Allen Wilson to Sister Sue
November 27th, 1862 Galaten, Tenn.
Dear Sister it is with pleasure that I seat myself to right a few small lines to you - not in answer to any that I have received but believing that you would like to hear from me if you have forgotten to right me. I have not had a letter for so long that I have forgotten any thing when that I have had one. I don't think that it can bee in the coming right for the rest of the boys all gets letters from home every day.

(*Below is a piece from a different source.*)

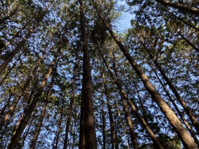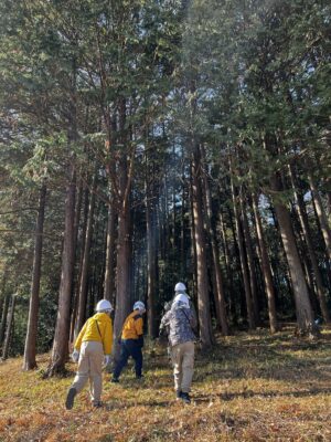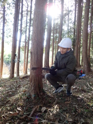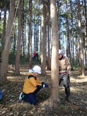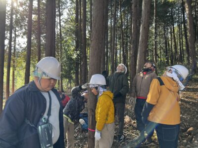 今回伐採した木はヒノキの人工林の木です。過密に植えた木々が育ち、大きくなって隣同士が近づき、混み合ってきます。それを放置すると木々が弱まり、根っこも弱まり、森自体が弱くなります。

Well, I will give you a small sketch of our last march. We started day before yesterday morning. We march 18 miles through the god forsaken looking country that a white man ever saw. I don't think we passed a field that there was more than 3 acres in it and that was on a big side hill. We traveled about 5 miles after dark trying to get out of what is called hells hollow but found it in vain. So we halted and the bank was two hundred feet high and that steep that a mule couldn't climb it so there was no such thing as striking a tent so we out with our blankets and laid down and taken our rest though the rocks was rather uncomfortable sharp so we got up in the morning and started for this place. We had a very nice days march. The day was comfortably cool and the road in nice order so we marched 15 miles and that brought us in the land of secsesh and dicksy for the poor ragabond of sunsabitches of citizens don't clame to bee anything but secsesh. There was a little fight here last Saturday and we drove them from this place. I don't think that there is any confederates any near here now. I don't think that we will stay here more than two or three days. I hope we won't stay in one place more than two days at a time until Secsesh is wiped out. We have got so that we don't mind marching as much as we do laying around in camp. William is fat and saucy and is getting along first rate. When on a march, he generally lives off of secsesh for what he cannot ly them out of there vituals he just naturally takes.
And as for myself, I never felt better in my life and come as near enjoying myself as any one can. Sue as it is to cold to right, I will have to close buy requesting you to right soon.